● **WORK REQUEST**: Would you repeat word for word the lines of the listing that follows, from the one with "為及時接收到每日交易款結算提" up to and including the one with "In the 2018–19 league", and leave out the images?
START PROVIDED DATA
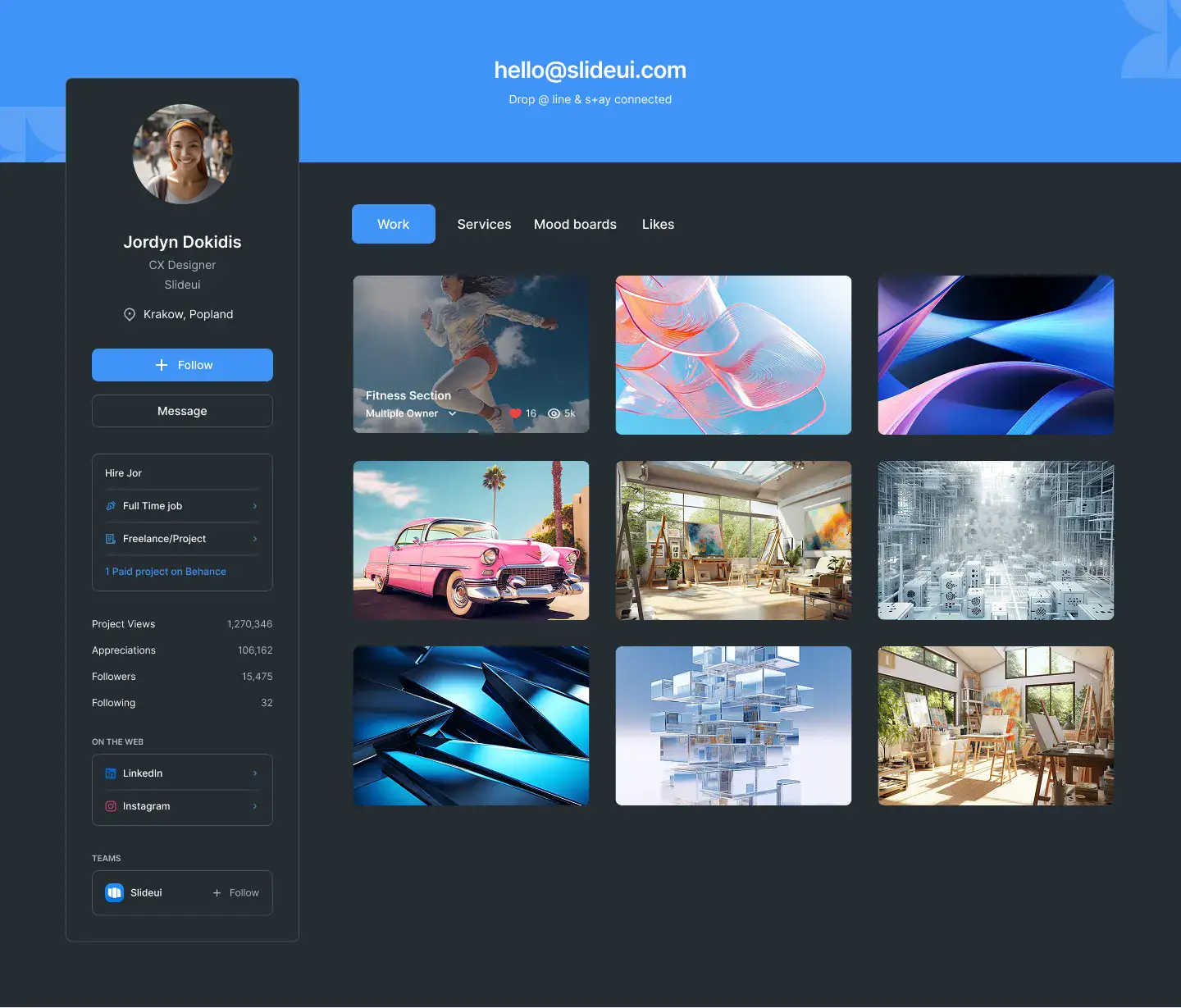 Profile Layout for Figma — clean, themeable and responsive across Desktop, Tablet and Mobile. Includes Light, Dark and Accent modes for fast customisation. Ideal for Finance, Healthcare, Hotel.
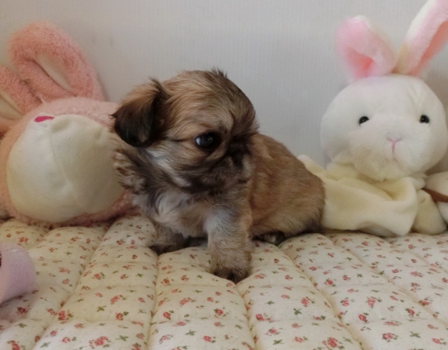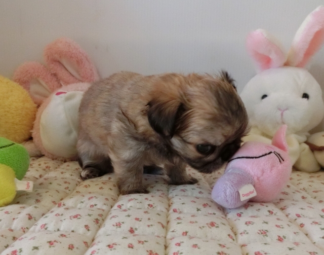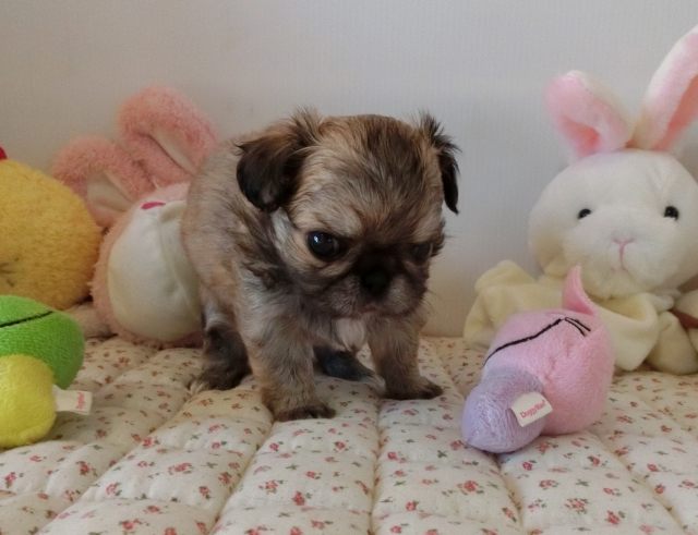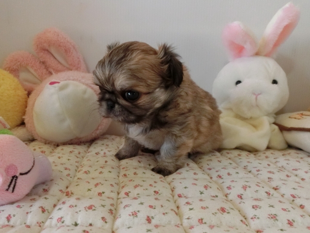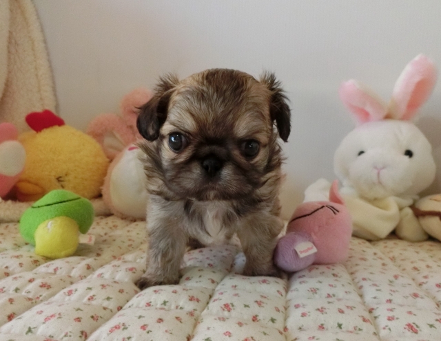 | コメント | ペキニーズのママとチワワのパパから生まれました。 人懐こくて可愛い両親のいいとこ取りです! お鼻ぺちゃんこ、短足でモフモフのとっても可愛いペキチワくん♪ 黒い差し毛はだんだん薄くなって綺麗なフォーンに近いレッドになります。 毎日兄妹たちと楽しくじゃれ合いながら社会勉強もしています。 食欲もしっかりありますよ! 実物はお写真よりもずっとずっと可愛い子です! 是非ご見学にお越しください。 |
END PROVIDED DATA
START PROVIDED DATA
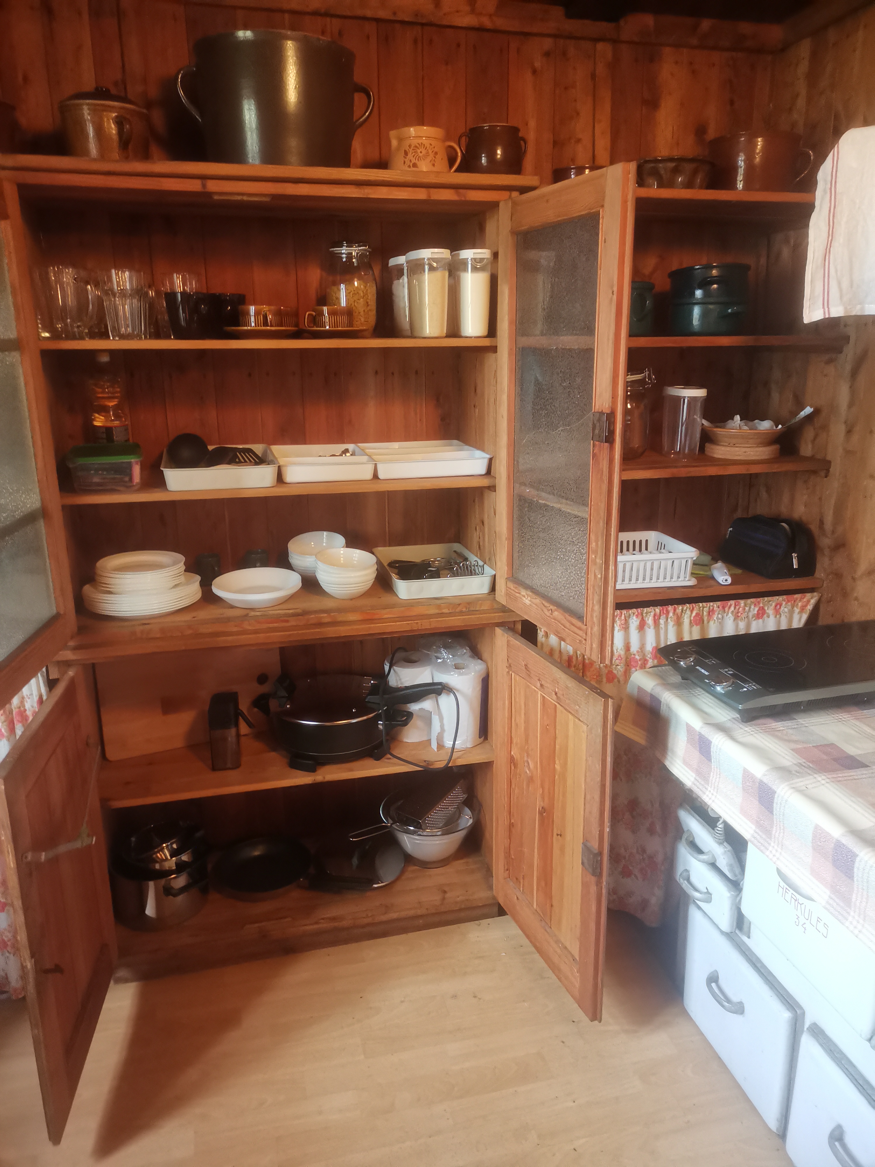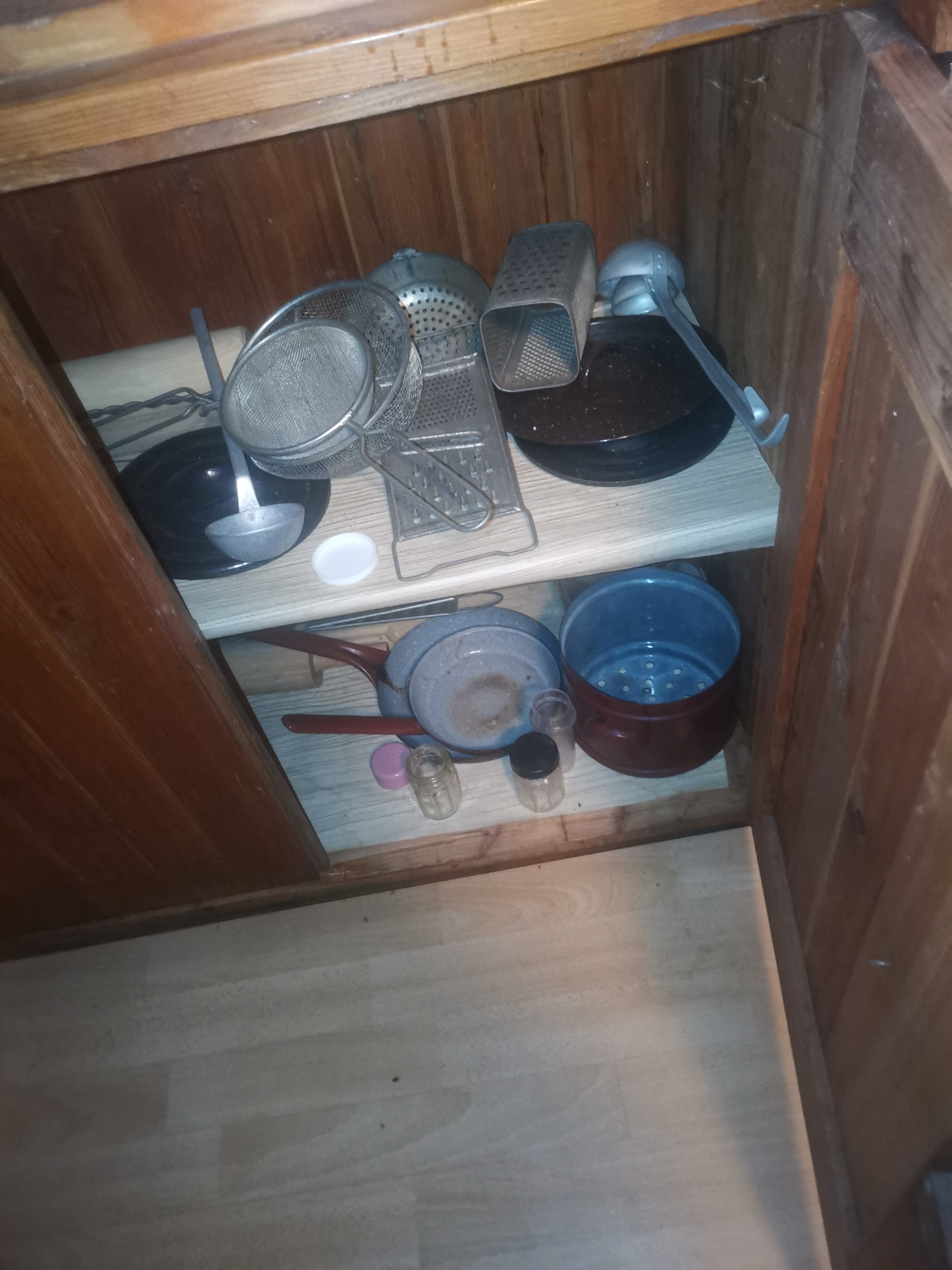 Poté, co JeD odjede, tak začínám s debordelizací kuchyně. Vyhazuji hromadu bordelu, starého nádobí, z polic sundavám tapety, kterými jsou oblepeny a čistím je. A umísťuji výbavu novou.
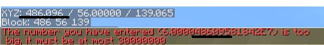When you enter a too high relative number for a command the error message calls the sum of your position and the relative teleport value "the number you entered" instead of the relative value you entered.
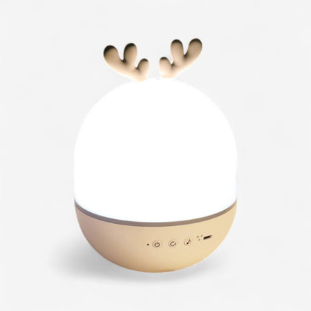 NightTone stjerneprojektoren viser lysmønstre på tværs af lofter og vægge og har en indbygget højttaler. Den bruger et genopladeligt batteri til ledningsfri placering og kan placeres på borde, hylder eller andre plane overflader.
END PROVIDED DATA
START PROVIDED DATA
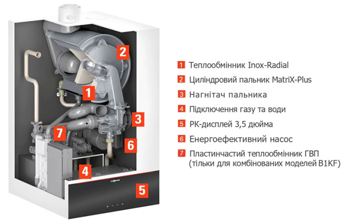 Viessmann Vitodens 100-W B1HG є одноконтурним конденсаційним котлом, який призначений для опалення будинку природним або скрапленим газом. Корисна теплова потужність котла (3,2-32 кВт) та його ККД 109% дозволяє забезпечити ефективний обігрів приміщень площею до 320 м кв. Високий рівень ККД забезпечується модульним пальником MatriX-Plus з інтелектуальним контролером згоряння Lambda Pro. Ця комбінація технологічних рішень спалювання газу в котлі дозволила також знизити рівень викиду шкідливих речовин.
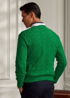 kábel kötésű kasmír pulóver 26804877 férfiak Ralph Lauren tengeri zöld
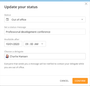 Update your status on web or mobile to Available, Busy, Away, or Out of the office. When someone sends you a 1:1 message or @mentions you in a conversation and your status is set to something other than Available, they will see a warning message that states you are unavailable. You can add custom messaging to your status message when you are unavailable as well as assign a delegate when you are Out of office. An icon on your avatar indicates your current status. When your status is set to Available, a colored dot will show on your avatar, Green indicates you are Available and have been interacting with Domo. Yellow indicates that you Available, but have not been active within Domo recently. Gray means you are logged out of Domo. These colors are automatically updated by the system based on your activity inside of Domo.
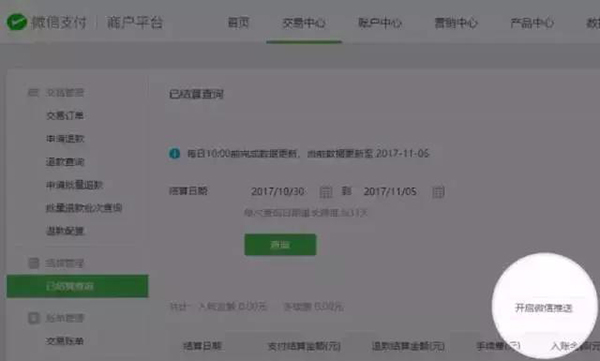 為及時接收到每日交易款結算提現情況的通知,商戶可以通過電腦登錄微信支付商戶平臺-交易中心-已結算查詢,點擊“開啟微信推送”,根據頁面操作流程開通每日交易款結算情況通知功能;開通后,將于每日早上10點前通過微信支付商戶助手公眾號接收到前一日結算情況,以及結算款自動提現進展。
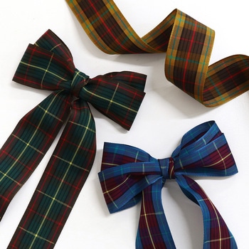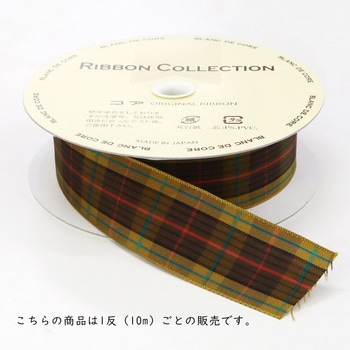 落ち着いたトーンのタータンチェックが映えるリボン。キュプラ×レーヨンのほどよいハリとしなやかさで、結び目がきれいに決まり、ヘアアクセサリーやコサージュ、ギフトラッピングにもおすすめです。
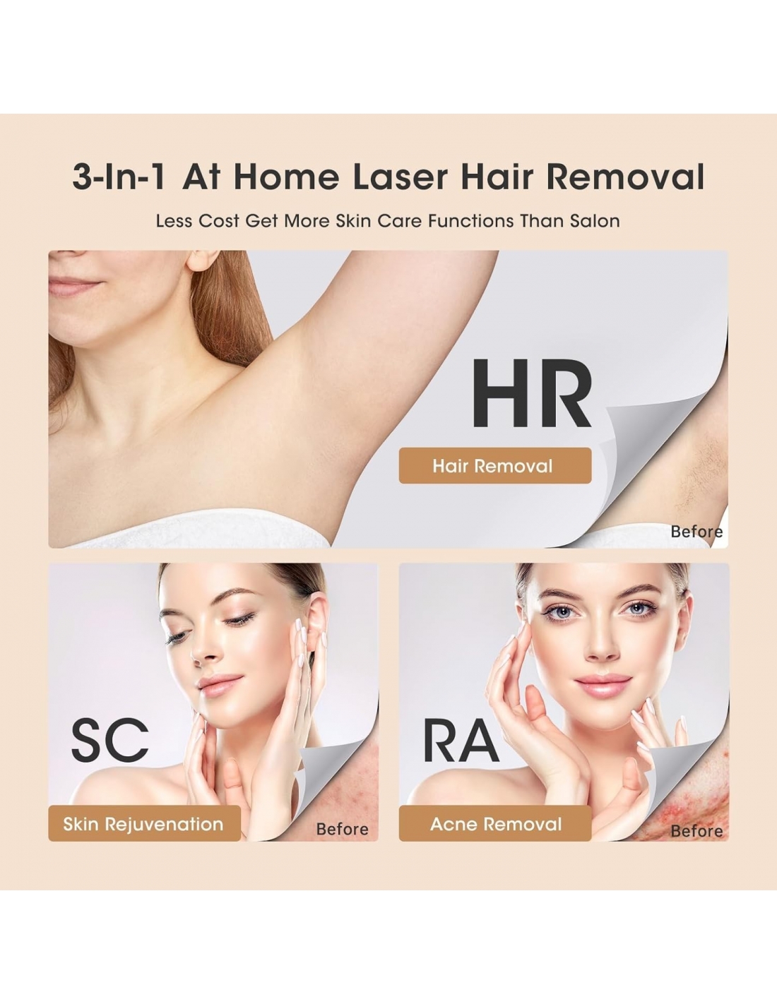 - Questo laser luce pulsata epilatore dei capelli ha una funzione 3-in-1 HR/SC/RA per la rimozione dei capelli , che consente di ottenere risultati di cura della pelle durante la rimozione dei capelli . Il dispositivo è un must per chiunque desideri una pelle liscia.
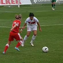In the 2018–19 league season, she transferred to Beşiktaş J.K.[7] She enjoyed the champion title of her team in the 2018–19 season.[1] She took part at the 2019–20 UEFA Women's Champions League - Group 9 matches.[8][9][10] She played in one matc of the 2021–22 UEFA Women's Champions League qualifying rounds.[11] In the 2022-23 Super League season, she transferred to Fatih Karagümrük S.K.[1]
END PROVIDED DATA
● **EXPECTED OUTPUT**:
 為及時接收到每日交易款結算提現情況的通知,商戶可以通過電腦登錄微信支付商戶平臺-交易中心-已結算查詢,點擊“開啟微信推送”,根據頁面操作流程開通每日交易款結算情況通知功能;開通后,將于每日早上10點前通過微信支付商戶助手公眾號接收到前一日結算情況,以及結算款自動提現進展。
 落ち着いたトーンのタータンチェックが映えるリボン。キュプラ×レーヨンのほどよいハリとしなやかさで、結び目がきれいに決まり、ヘアアクセサリーやコサージュ、ギフトラッピングにもおすすめです。
 - Questo laser luce pulsata epilatore dei capelli ha una funzione 3-in-1 HR/SC/RA per la rimozione dei capelli , che consente di ottenere risultati di cura della pelle durante la rimozione dei capelli . Il dispositivo è un must per chiunque desideri una pelle liscia.
In the 2018–19 league season, she transferred to Beşiktaş J.K.[7] She enjoyed the champion title of her team in the 2018–19 season.[1] She took part at the 2019–20 UEFA Women's Champions League - Group 9 matches.[8][9][10] She played in one matc of the 2021–22 UEFA Women's Champions League qualifying rounds.[11] In the 2022-23 Super League season, she transferred to Fatih Karagümrük S.K.[1]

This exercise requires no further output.